* **WHAT IS BEING ASKED**
Print only the lines below from the one with "The project represents" to the one with "下表進行了兩種條件下的齒輪軸", both included, exactly as they stand. Leave pictures out.
(SOURCE DATA Opens)
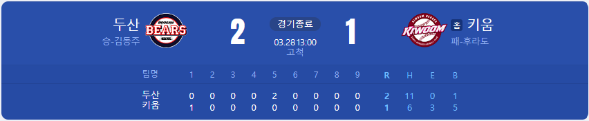 두산 베어스가 키움 히어로즈를 상대로 2 대 1 승리를 가져갑니다.
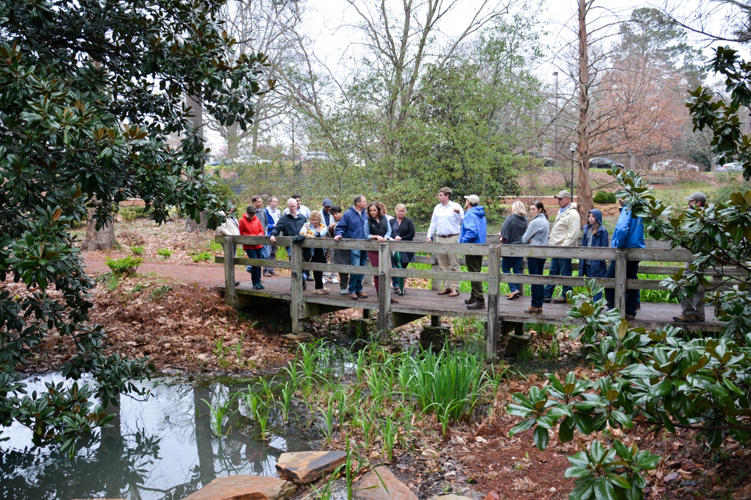 The project represents one of the largest interdepartmental collaborations on campus and includes the Davis Arboretum; College of Sciences and Mathematics; Facilities Management; College of Architecture, Design, and Construction; School of Forestry and Wildlife Sciences; Office of Campus Planning and Space Management; Design Services and Construction Management; Office of Sustainability; Alabama Clean Water Partnership; Alabama Water Watch; the Alabama Cooperative Extension System; Holcombe, Norton and Partners, Inc.; and Landscape Services.
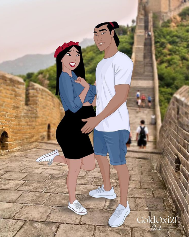 Pasi kemi parë shumë filma vizatimorë të Disney-t, shumë prej nesh e kanë pyetur shpesh veten se çfarë fshihet pas atij fundit të lumtur. Një artiste ruse, e quajtur Oksana Zolotareva Pashenko, na jep një shans të shikojmë jetën çifteve të famshme të Disney-t dhe familjeve të tyre pas asaj që kemi parë në filma. Princeshat e animuara për herë të parë mund t’i shohim me barkun e rrumbullakosur, në pritje të ëmbël…
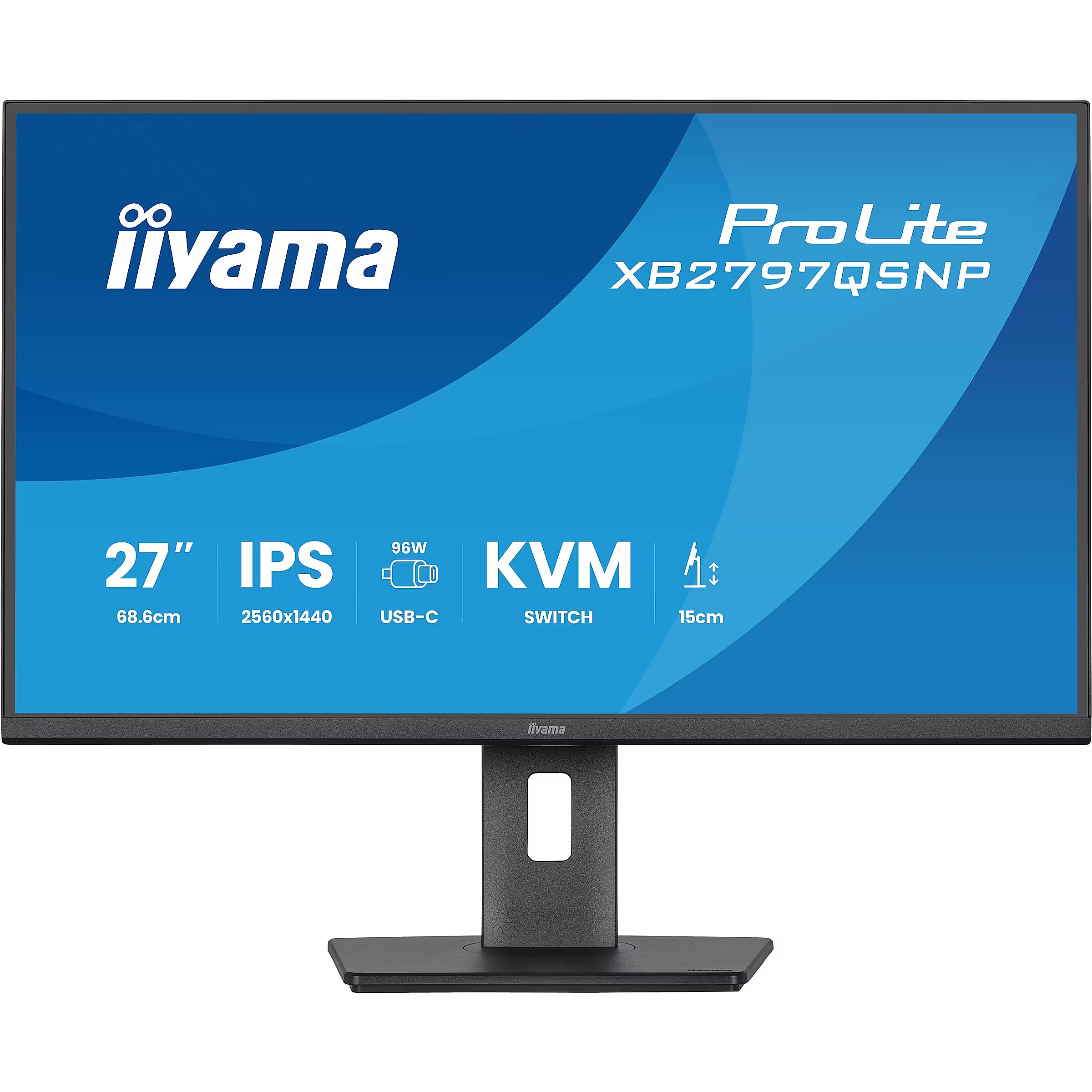 LongSummaryDescription - iiyama ProLite XB2797QSNP-B1. Display diagonal: 68.6 cm (27"), Display resolution: 2560 x 1440 pixels, HD type: Quad HD, Display technology: LED, Display surface: Matt, Native aspect ratio: 16:9, Viewing angle, horizontal: 178°, Viewing angle, vertical: 178°. Built-in speaker(s). Built-in USB hub, USB hub version: 3.2 Gen 1 (3.1 Gen 1). VESA mounting, Height adjustment. Product colour: Black
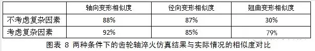下表進行了兩種條件下的齒輪軸淬火仿真結果與實際情況的相似度對比,復雜仿真條件下對齒輪軸翹曲變形的仿真準確性有顯著提高??梢?,根據上述變形機理與原因分析,已經建立了相對準確的工件熱處理變形模型,并可依次模型及對應的變形原因,在仿真環境下快捷、高效的以較低成本指導并設計相應的熱處理工藝優化方案。
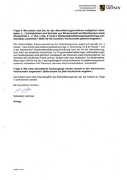 STAATSMINISTERIUM Freistaat FÜR WISSENSCHAFT SACHSEN KULTUR UND TOURISMUS Frage 3: Wie setzen sich die, für das Akkreditierungsverfahren maßgeblich betei ligten „[...] Vertreterinnen und Vertreter aus Wissenschaft und Berufspraxis sowie Studierende,[...]"(Art. 3 Abs. 2 Punkt 3 Studienakkreditierungsstaatsvertrag)zah lenmäßig zusammen? (Bitte für die einzelnen Hochschulen getrennt angeben.) Die zahlenmäßige Zusammensetzung der Gutachtergremien ergibt sich gemäß Art. 4 Absatz 1 des Studienakkreditierungsstaatsvertrags in Verbindung mit § 25 Absatz 1 und 2 der Sächsischen Studienakkreditierungsverordnung nach der Art der Akkreditierung, nicht nach der einzelnen Hochschule. Für Programmakkreditierungen (Akkreditierungen von Studiengängen)sind demnach mindestens vier Personen (zwei Hochschullehrer, ein Vertreter der beruflichen Praxis und ein Student oder eine Studentin), für Systemakkre ditierungen (Sicherung der Leistungsfähigkeit hochschulinterner Qualitätsmanagement systeme) mindestens fünf Personen, darunter drei Hochschullehrer, erforderlich. Frage 4: Wie viele akkreditierte Studiengänge werden aktuell an den sächsischen Hochschulen angeboten? (Bitte einzeln für jede Hochschule angeben.) Die Antwort kann dem Internetauftritt des Akkreditierungsrats (vgl. die Antwort zu Frage 1) entnommen werden. Mit freundlichen Grüßen Sebastian Gemkow Anlage Seite 2 von 2
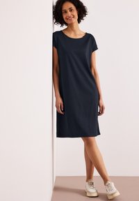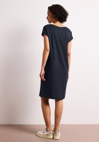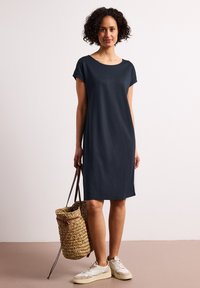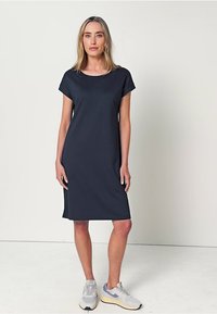 Femme aux cheveux bouclés foncés portant un haut bleu marine à manches courtes, face à l'objectif sur un fond clair uni.
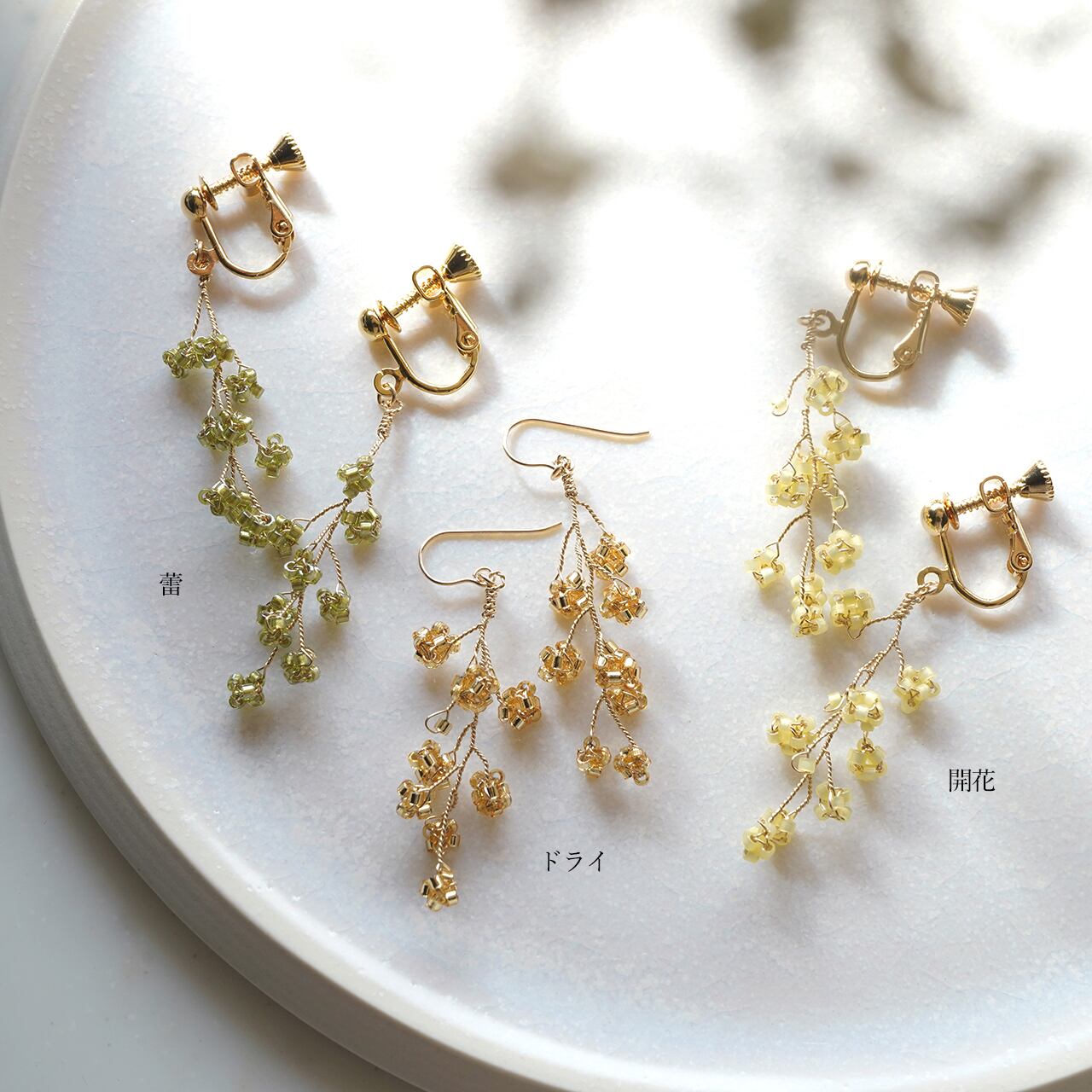 ひとつひとつの小花が独立してチラチラと揺れるイヤリング/ピアスです。
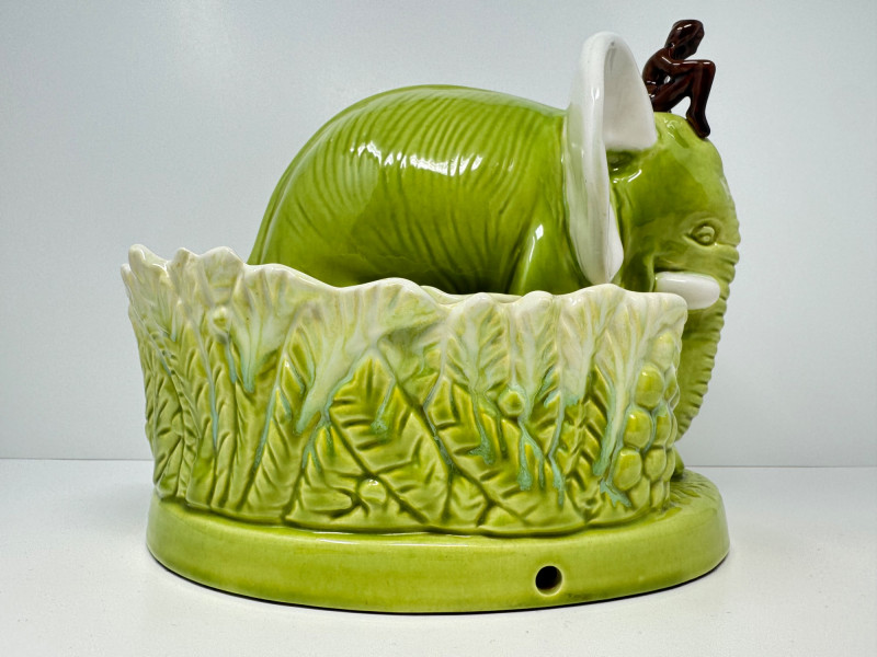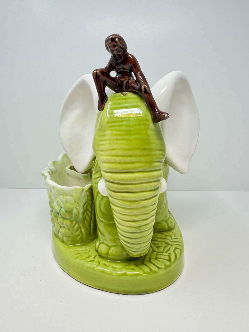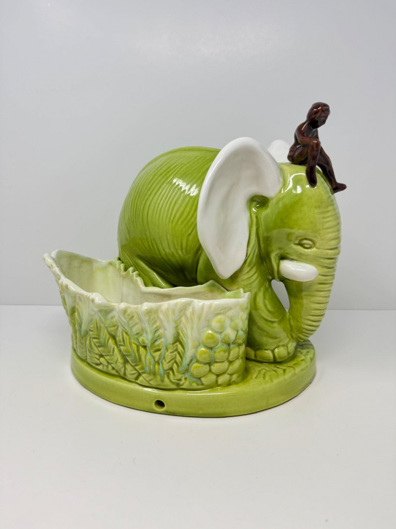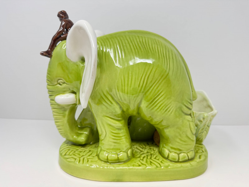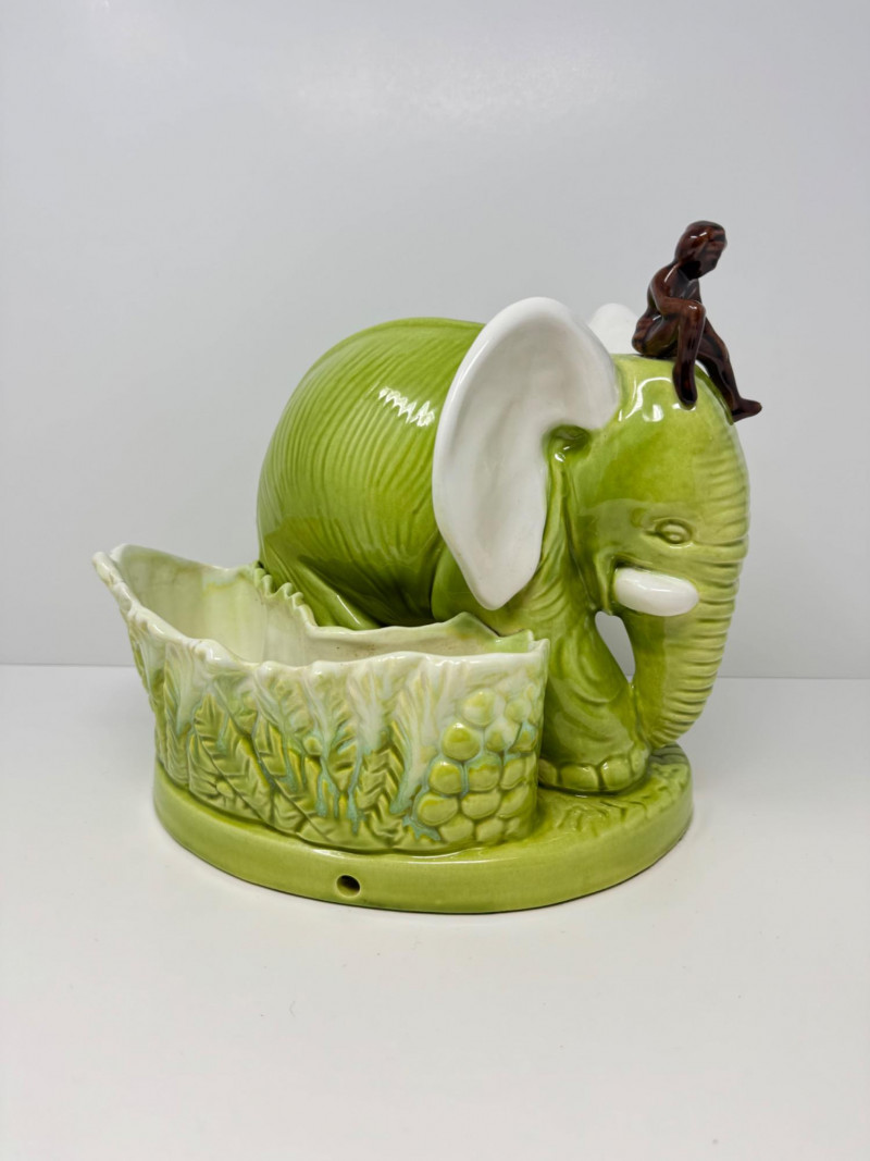 Lot # 14 - Vintage Royal Haeger Green Elephant Planter w/ Small Seated Figure
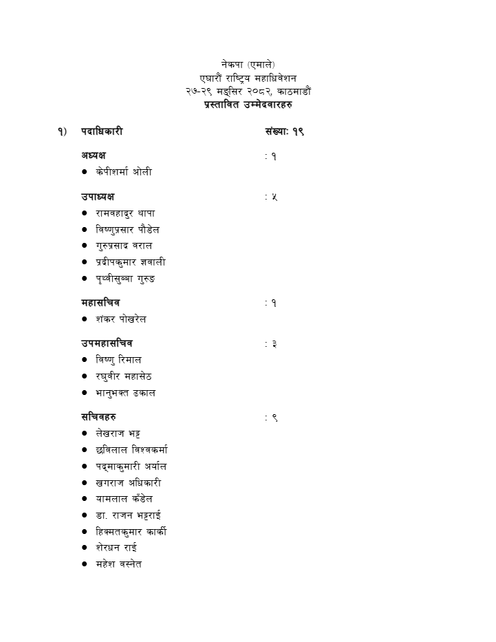 यस्तो छ ओली पक्षबाट प्रस्तावित सबै तहका उम्मेदवारको सूची (क्लस्टरसहित)
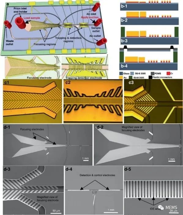 该MEMS微流控生物传感器的设计包括三种新颖的区域/功能,如图1a所示。
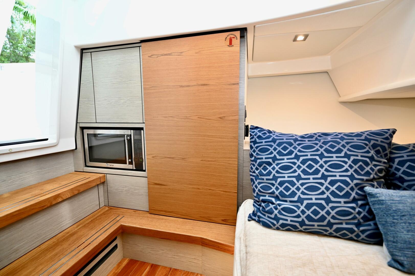 Access to the cabin is located to the port side of the helm via a plexiglass sliding door, with three steps leading down into the cabin. As you step below, the electrical panel is conveniently positioned on the port side for easy access and monitoring.
(SOURCE DATA Closes)
* **FINISHED TASK**
 The project represents one of the largest interdepartmental collaborations on campus and includes the Davis Arboretum; College of Sciences and Mathematics; Facilities Management; College of Architecture, Design, and Construction; School of Forestry and Wildlife Sciences; Office of Campus Planning and Space Management; Design Services and Construction Management; Office of Sustainability; Alabama Clean Water Partnership; Alabama Water Watch; the Alabama Cooperative Extension System; Holcombe, Norton and Partners, Inc.; and Landscape Services.
 Pasi kemi parë shumë filma vizatimorë të Disney-t, shumë prej nesh e kanë pyetur shpesh veten se çfarë fshihet pas atij fundit të lumtur. Një artiste ruse, e quajtur Oksana Zolotareva Pashenko, na jep një shans të shikojmë jetën çifteve të famshme të Disney-t dhe familjeve të tyre pas asaj që kemi parë në filma. Princeshat e animuara për herë të parë mund t’i shohim me barkun e rrumbullakosur, në pritje të ëmbël…
 LongSummaryDescription - iiyama ProLite XB2797QSNP-B1. Display diagonal: 68.6 cm (27"), Display resolution: 2560 x 1440 pixels, HD type: Quad HD, Display technology: LED, Display surface: Matt, Native aspect ratio: 16:9, Viewing angle, horizontal: 178°, Viewing angle, vertical: 178°. Built-in speaker(s). Built-in USB hub, USB hub version: 3.2 Gen 1 (3.1 Gen 1). VESA mounting, Height adjustment. Product colour: Black
下表進行了兩種條件下的齒輪軸淬火仿真結果與實際情況的相似度對比,復雜仿真條件下對齒輪軸翹曲變形的仿真準確性有顯著提高??梢?,根據上述變形機理與原因分析,已經建立了相對準確的工件熱處理變形模型,并可依次模型及對應的變形原因,在仿真環境下快捷、高效的以較低成本指導并設計相應的熱處理工藝優化方案。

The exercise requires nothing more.